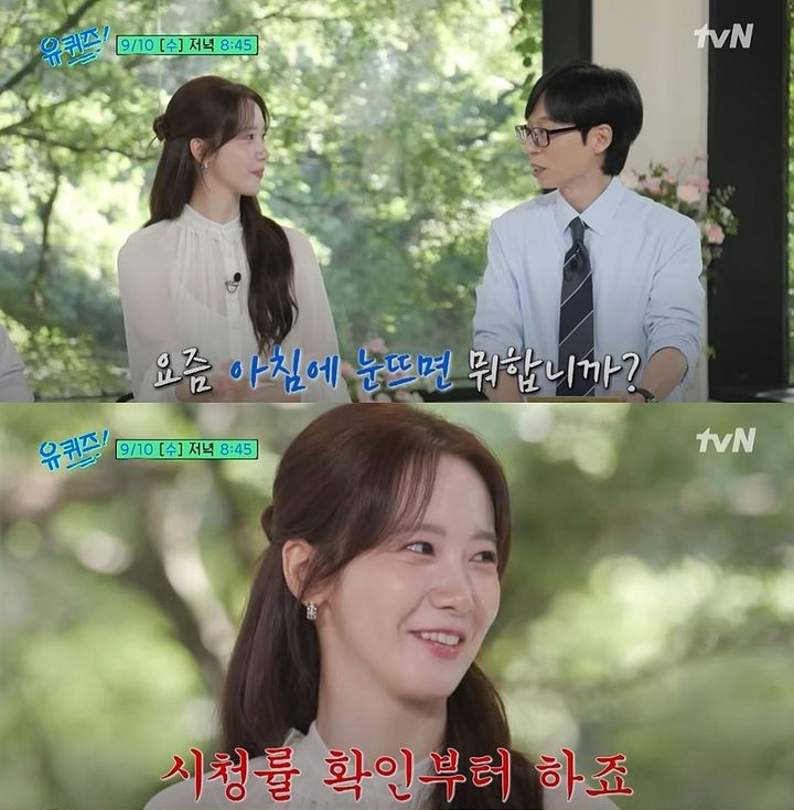 10日放送のバラエティー番組『ユ・クイズ ON THE BLOCK』(tvN)にユナがゲスト出演。進行役のユ・ジェソクがオープニングで「最近、朝目覚めると何をしているの?」と尋ねると、ユナは「まず視聴率をチェックする」と答えた。本人の名前よりも、作品のキャラクター名(ヨン・ジヨン)で呼ぶ人が多いという。
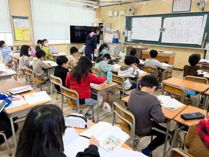 2月20日(月)1時間目、3年1組は国語で「ゆうすげ村のちいさな旅館」を学習していました。3・4場面の美月の登場の場面を読み取っていました。
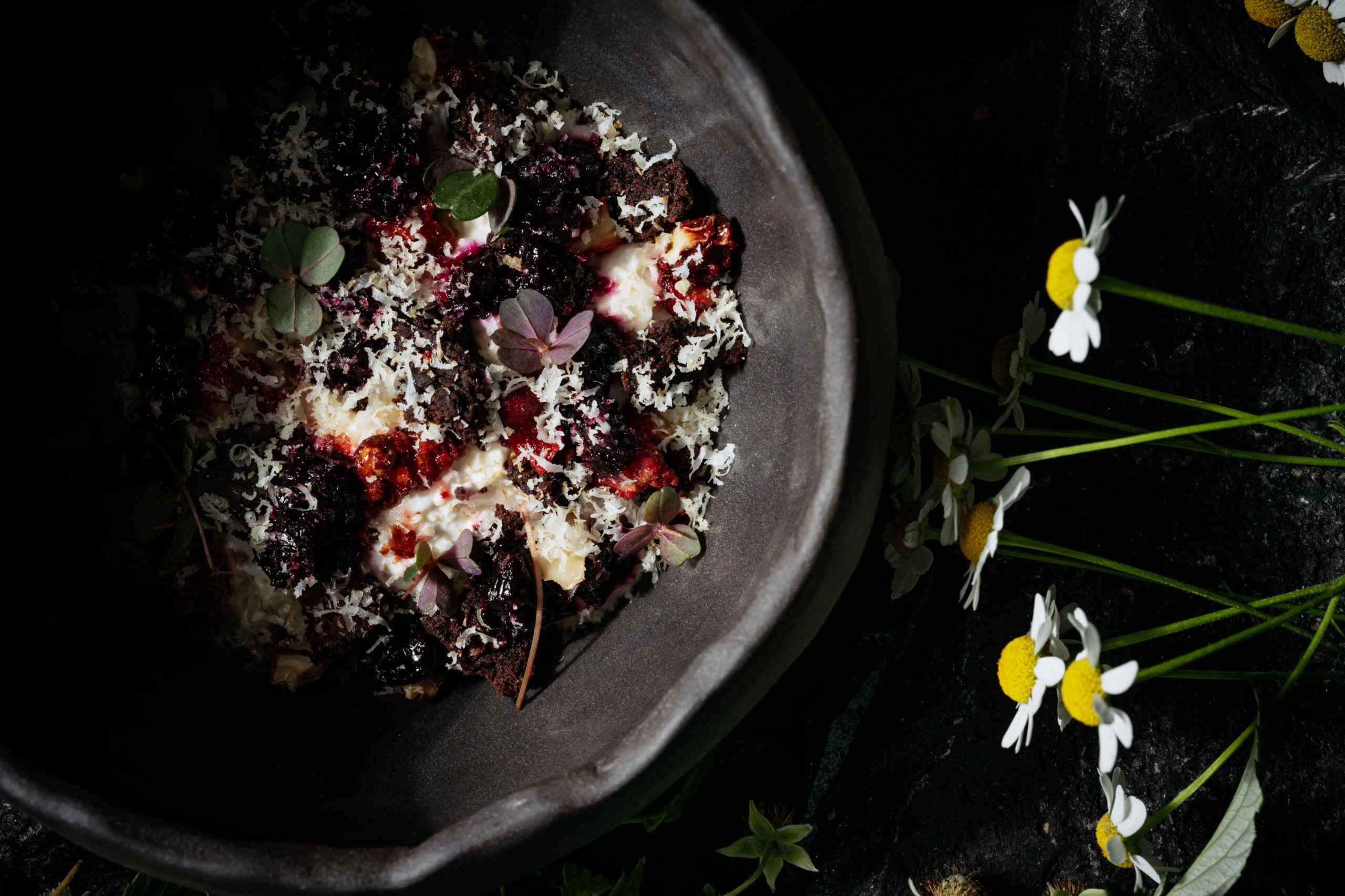 Подхватывая эстафету Moscow Restaurant Week, ресторан кухни народов Сибири Manul (Охотный ряд, 2) демонстрирует свой особый взгляд на главных героев его нового сезона — летние овощи, ягоды и дикоросы. Над фестивальным меню Manul витают ароматы дыма, а в глубине знакомых сочетаний вкусов прячется необузданная энергия. Шеф Виктор Шайдецкий даже для понятных продуктов придумывает самые замысловатые сюжеты. Томит в пряном оливковом масле фенхель, чтобы подать его с нежным клубничным соусом-софрито, в глубине которого слышится едва уловимый привкус розового перца. Коптит над открытым огнем цукини, добавляя ему сибирской брутальности пеной из черемши. И классический «Темный лес» у него еще таинственней, и еще «темнее» — с черной смородиной вместо вишни, солодкой и свеклой.
---+---
→ **WORK INSTRUCTION**
Only the lines from the start of the material to the line with "2月20日(月)1時間目、3", inclusive, belong in the answer, printed exactly and free of pictures.

→ **SOLUTION TO THE PROBLEM**
 10日放送のバラエティー番組『ユ・クイズ ON THE BLOCK』(tvN)にユナがゲスト出演。進行役のユ・ジェソクがオープニングで「最近、朝目覚めると何をしているの?」と尋ねると、ユナは「まず視聴率をチェックする」と答えた。本人の名前よりも、作品のキャラクター名(ヨン・ジヨン)で呼ぶ人が多いという。
 2月20日(月)1時間目、3年1組は国語で「ゆうすげ村のちいさな旅館」を学習していました。3・4場面の美月の登場の場面を読み取っていました。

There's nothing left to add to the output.